THE DATA below:
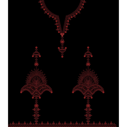 An elegant red embroidery design featuring a detailed neckline pattern with matching symmetrical side motifs and a decorative bottom border.
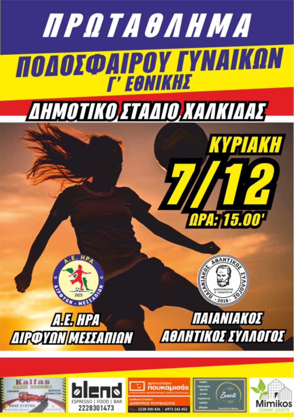 Ήρα Διρφύων Μεσσαπίων – Παιανιακός (Κυριακή 7/12/25 15:00 Δημοτικό στάδιο Χαλκίδας)
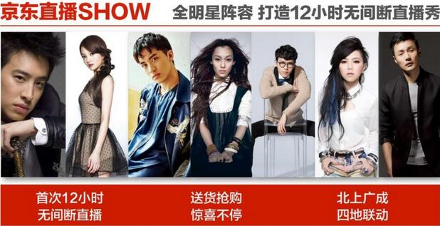 京东也把“买买买”和“逛逛逛”结合在一起,引入一众明星12小时不间断直播秀,让你一边抢货,一边大饱眼福。
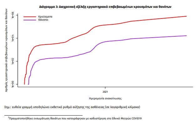 Η διαχρονική εξέλιξη των συνολικών κρουσμάτων και συνολικού αριθμού των θανάτων ασθενών COVID-19 παρουσιάζεται στο ακόλουθο διάγραμμα.
End of THE DATA.
WHAT NEEDS TO BE DONE: Give the data again exactly, image-free.

RESPONSE TO THIS EXERCISE:
 An elegant red embroidery design featuring a detailed neckline pattern with matching symmetrical side motifs and a decorative bottom border.
 Ήρα Διρφύων Μεσσαπίων – Παιανιακός (Κυριακή 7/12/25 15:00 Δημοτικό στάδιο Χαλκίδας)
 京东也把“买买买”和“逛逛逛”结合在一起,引入一众明星12小时不间断直播秀,让你一边抢货,一边大饱眼福。
 Η διαχρονική εξέλιξη των συνολικών κρουσμάτων και συνολικού αριθμού των θανάτων ασθενών COVID-19 παρουσιάζεται στο ακόλουθο διάγραμμα.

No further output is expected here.